符媛兒心思一轉,明白她這只是試探虛實而已。
“你看明白了就好,”符媛兒刻意順着她的話說道,“不要妄想在這裡搞事情,你早點滾回去吧。”
說完,她拉開車門上車,駕車離去。
她看到後視鏡裡,符碧凝久久站在原地沒動。
符碧凝也不會相信她的話,反而會認爲她在撒謊。
一旦她這樣認爲,必定會去找程木櫻聯手。
而她和程木櫻聯手在程家搞事情,也就達到了符媛兒想要的結果。
符媛兒料想的沒有錯,符碧凝轉頭就找程木櫻去了。
“你難道不想符媛兒被趕出程家嗎?”符碧凝問程木櫻。
程木櫻想了想,問道:“你想怎麼做?”
符碧凝冷笑着湊近程木櫻,說了好一陣。
**
“符大記者,怎麼了?”
符媛兒回到工位,旁邊的同事小小擡頭瞅了她一眼。
她剛從主編室出來,渾身上下的不高興已經輻射到整間辦公室了。
“今天是我的修心日。”符媛兒只能這樣回答。
在家跟程子同符碧凝那些人周旋。
來到報社,主編說她的採訪材料不走心。
“符媛兒,你拿出跑社會新聞的一半勁頭,來跑一跑娛樂新聞,你馬上就能出業績了。”這是主編的原話。
但她真的還沒扭過這個彎來。
“看娛樂版的人還是多,你體諒一下主編了,”小小勸她,“她沒讓你去跑明星現場,已經很照顧你了。”

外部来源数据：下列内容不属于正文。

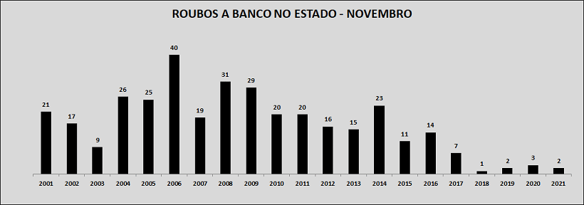 Na comparação mensal, o índice de roubo a banco caiu de três para dois e atingiu o segundo menor total da série histórica.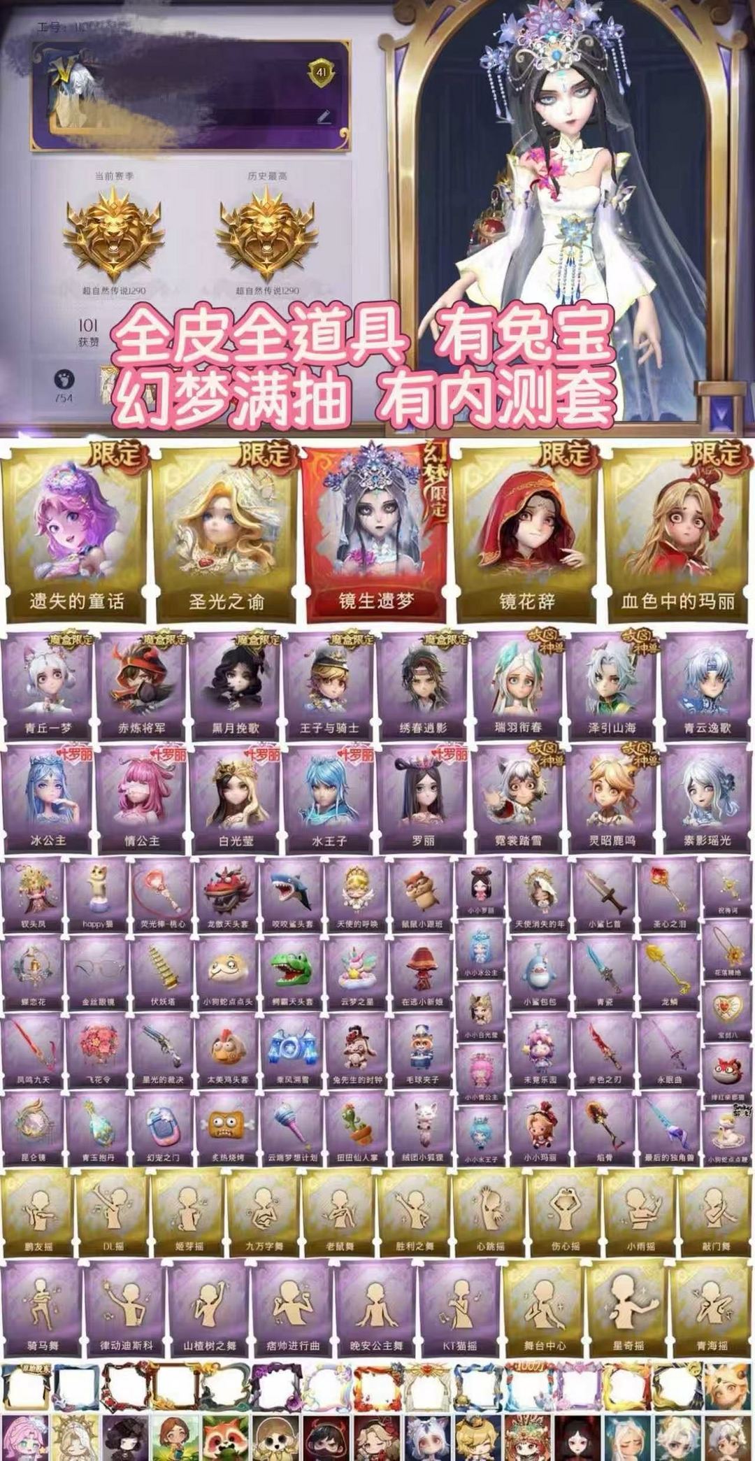 装备描述:❤️可安卓苹果渠道登入互通登录 账号密码登入 账号密码登入 可用金铲币别浪费啊 有什么需求可以评论给我,我会满足,毁号进小黑屋别租我号了以后!谢谢合作!祝老板们发财,万事如意!!一单一密无挤号,禁止改密码、改id、用金砖、分解出售收藏物品等毁号行为,一经发现,平台永久拉黑。请爱惜他人账号、文明发言,祝游戏愉快! ⚠️禁止使用外挂,恶意发言,骗人等违规操作,一经发现,永久拉黑全网公示。使用外挂脚本或用号诈骗他人等恶意行为导致禁言、封号的,平台提取租客实名地址,必定会立案追责送进局子,并根据账号价值全额赔偿。 【幻梦皮肤数量】1 【金色皮肤数量】5 【紫色皮肤数量】20 【道具皮肤数量】31 【铲铲币】21w 【赛季魔盒】稀世豪华魔盒 【员工】小黄、爱丽丝、零、阿念、逍遥、薇薇安、巫铃儿、莉莉、艾伦、爱德华 【幻梦皮肤】巫铃儿-镜生遗梦 【金色皮肤】逍遥-莲华渡、薇薇安-圣光之谕、爱丽丝-血色中的玛丽、小黄-遗失的童话、巫铃儿-镜花辞 【紫色皮肤】阿念-迷途僵宝、莉莉-除妖小师妹、零-赤炼将军、薇薇安-黑月挽歌、小黄-青丘一梦、阿念-王子与骑士、莉莉-情公主、艾伦-水王子、爱丽丝-冰公主

符媛兒不信這個,她始終認爲不是讀者不愛看,是她沒挖到好的新聞而已。
這時,她的電話響起。
她一看電話雙眼亮了,今天不是修心日了,是要展現業務能力的時候了。
打來電話的是她的爆料人,她有很多這種爆料人,方便她第一時間掌握最新的各種稀奇古
怪的事。
“符記者,你快來,這裡有個女的跟公司鬧薪資矛盾,爬上樓頂了……”
“我馬上過來,你們報警了沒有?”符媛兒一邊收拾東西一邊問。
“報警了,你快過來吧。”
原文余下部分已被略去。